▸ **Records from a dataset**

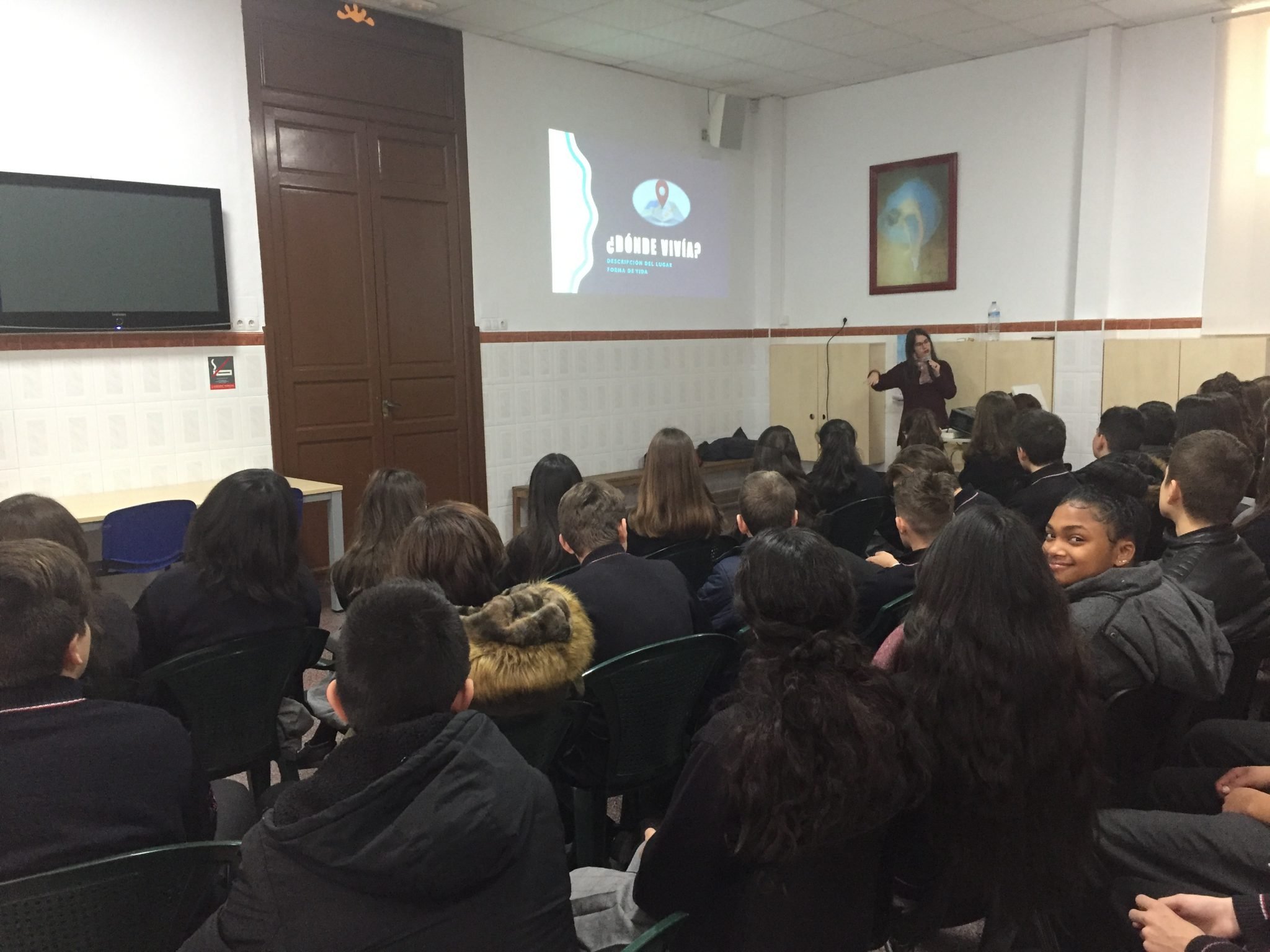 Seguidamente, explicó su experiencia en Venezuela donde le resultó más positiva ya que nos expuso las costumbres, el pueblo y vida diaria de todo lo que hizo durante 1 mes. Nos contó que fue a enseñar a un grupo de niños de diferentes edades que seleccionó ella porque sintió que era dónde más podía ayudarles. Además, nos enseñó como vivían y eran sus casas ya que algunos tenían la costumbres de dormir en hamacas y no camas así como ver que los techos de algunas de sus viviendas eran elaborados con paja.
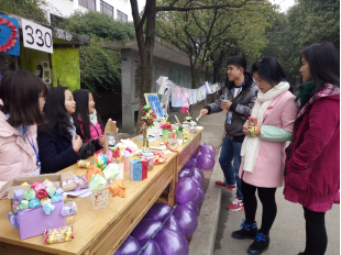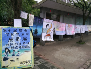 2015年12月15日,在湖南科技大学的电信路口,你的目光定被沿街缤纷的色彩吸引,你的脚步定因展示桌上精心制作的手工艺品放慢。这里正如火如荼地举行着由教育学院纪检宿管部主办的第十届宿舍文化艺术节成果展。组织本次活动的有纪检宿管部部长刘亚琨,副部长冯润、齐静雯,贺婧,以及部分纪检宿管部成员。展览从9:30进行至16:30,展览的物品都是由纪检宿管部从众多宿舍文化艺术节参赛优秀作品中选出来的精品。
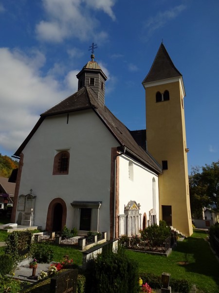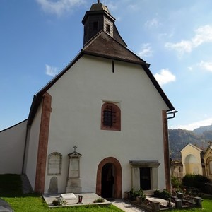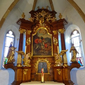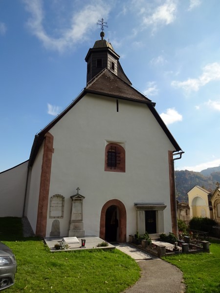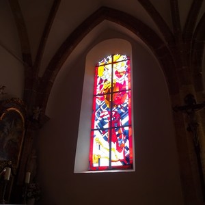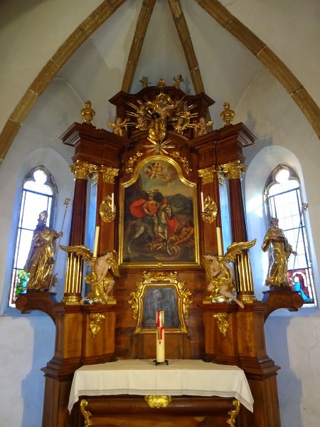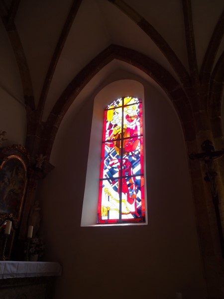 Die ursprünglich romanische Kirche zeigt heute spitzbogige gotische Fenster, ein ebenfalls gotisches Kreuzrippengewölbe im Chorraum und ein 1507 eingefügtes Sternrippengewölbe im Langhaus. Die Fenster des Altarraumes zeigen Darstellungen eines Hackenschmiedes und seiner Frau – diese hier sind Kopien aus dem Jahr 1981, die Originale aus der Zeit um 1400 finden sich im Stadtmuseum Kapfenberg.
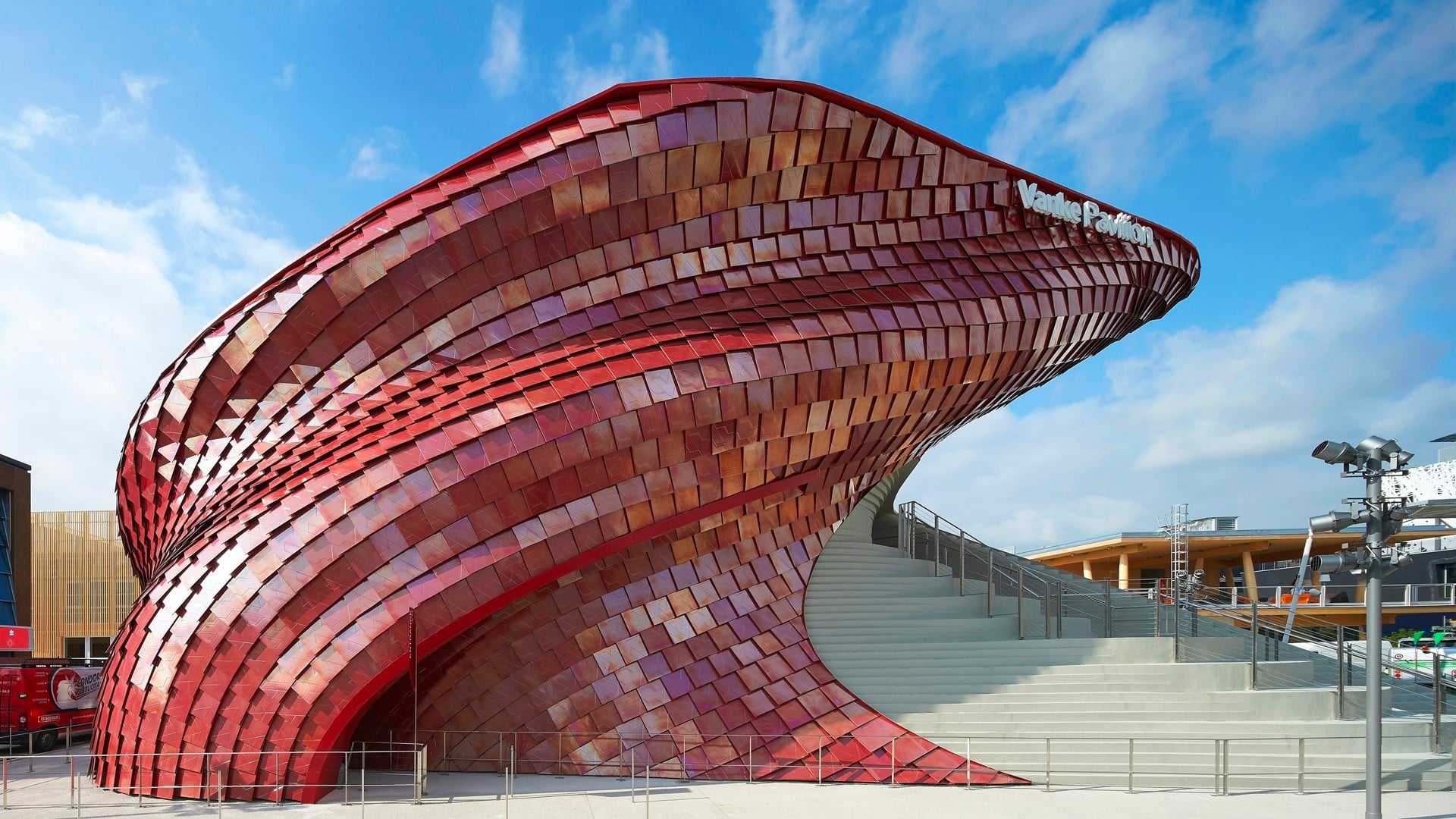 Il rivestimento del padiglione è composto da lastre tridimensionali di grès porcellanato smaltate di un evocativo rosso lacca. La tinta è una cromia speciale formulata e messa a punto appositamente per questo progetto nel laboratorio tintometrico di Casalgrande Padana. Il materiale ceramico adottato per il padiglione Vanke appartiene alla serie Fractile, firmata dallo stesso Libeskind”
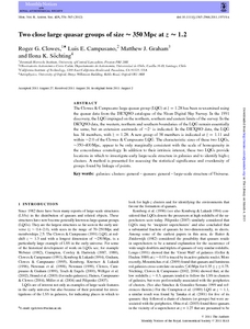 The Clowes & Campusano large quasar group (LQG) at inline image has been re-examined using the quasar data from the DR7QSO catalogue of the Sloan Digital Sky Survey. In the 1991 discovery, the LQG impinged on the northern, southern and eastern limits of the survey. In the DR7QSO data, the western, northern and southern boundaries of the LQG remain essentially the same, but an extension eastwards of ∼2° is indicated. In the DR7QSO data, the LQG has 34 members, with inline image. A new group of 38 members is indicated at inline image and within ∼2bsl000640 of the Clowes & Campusano LQG. The characteristic sizes of these two LQGs, ∼350–400 Mpc, appear to be only marginally consistent with the scale of homogeneity in the concordance cosmology. In addition to their intrinsic interest, these two LQGs provide locations in which to investigate early large-scale structure in galaxies and to identify high-z clusters. A method is presented for assessing the statistical significance and overdensity of groups found by linkage of points.

▸ **Aim of the exercise**
Every line above is to be returned exactly, with its pictures removed.

▸ **Completed exercise**
 Seguidamente, explicó su experiencia en Venezuela donde le resultó más positiva ya que nos expuso las costumbres, el pueblo y vida diaria de todo lo que hizo durante 1 mes. Nos contó que fue a enseñar a un grupo de niños de diferentes edades que seleccionó ella porque sintió que era dónde más podía ayudarles. Además, nos enseñó como vivían y eran sus casas ya que algunos tenían la costumbres de dormir en hamacas y no camas así como ver que los techos de algunas de sus viviendas eran elaborados con paja.
 2015年12月15日,在湖南科技大学的电信路口,你的目光定被沿街缤纷的色彩吸引,你的脚步定因展示桌上精心制作的手工艺品放慢。这里正如火如荼地举行着由教育学院纪检宿管部主办的第十届宿舍文化艺术节成果展。组织本次活动的有纪检宿管部部长刘亚琨,副部长冯润、齐静雯,贺婧,以及部分纪检宿管部成员。展览从9:30进行至16:30,展览的物品都是由纪检宿管部从众多宿舍文化艺术节参赛优秀作品中选出来的精品。
 Die ursprünglich romanische Kirche zeigt heute spitzbogige gotische Fenster, ein ebenfalls gotisches Kreuzrippengewölbe im Chorraum und ein 1507 eingefügtes Sternrippengewölbe im Langhaus. Die Fenster des Altarraumes zeigen Darstellungen eines Hackenschmiedes und seiner Frau – diese hier sind Kopien aus dem Jahr 1981, die Originale aus der Zeit um 1400 finden sich im Stadtmuseum Kapfenberg.
 Il rivestimento del padiglione è composto da lastre tridimensionali di grès porcellanato smaltate di un evocativo rosso lacca. La tinta è una cromia speciale formulata e messa a punto appositamente per questo progetto nel laboratorio tintometrico di Casalgrande Padana. Il materiale ceramico adottato per il padiglione Vanke appartiene alla serie Fractile, firmata dallo stesso Libeskind”
 The Clowes & Campusano large quasar group (LQG) at inline image has been re-examined using the quasar data from the DR7QSO catalogue of the Sloan Digital Sky Survey. In the 1991 discovery, the LQG impinged on the northern, southern and eastern limits of the survey. In the DR7QSO data, the western, northern and southern boundaries of the LQG remain essentially the same, but an extension eastwards of ∼2° is indicated. In the DR7QSO data, the LQG has 34 members, with inline image. A new group of 38 members is indicated at inline image and within ∼2bsl000640 of the Clowes & Campusano LQG. The characteristic sizes of these two LQGs, ∼350–400 Mpc, appear to be only marginally consistent with the scale of homogeneity in the concordance cosmology. In addition to their intrinsic interest, these two LQGs provide locations in which to investigate early large-scale structure in galaxies and to identify high-z clusters. A method is presented for assessing the statistical significance and overdensity of groups found by linkage of points.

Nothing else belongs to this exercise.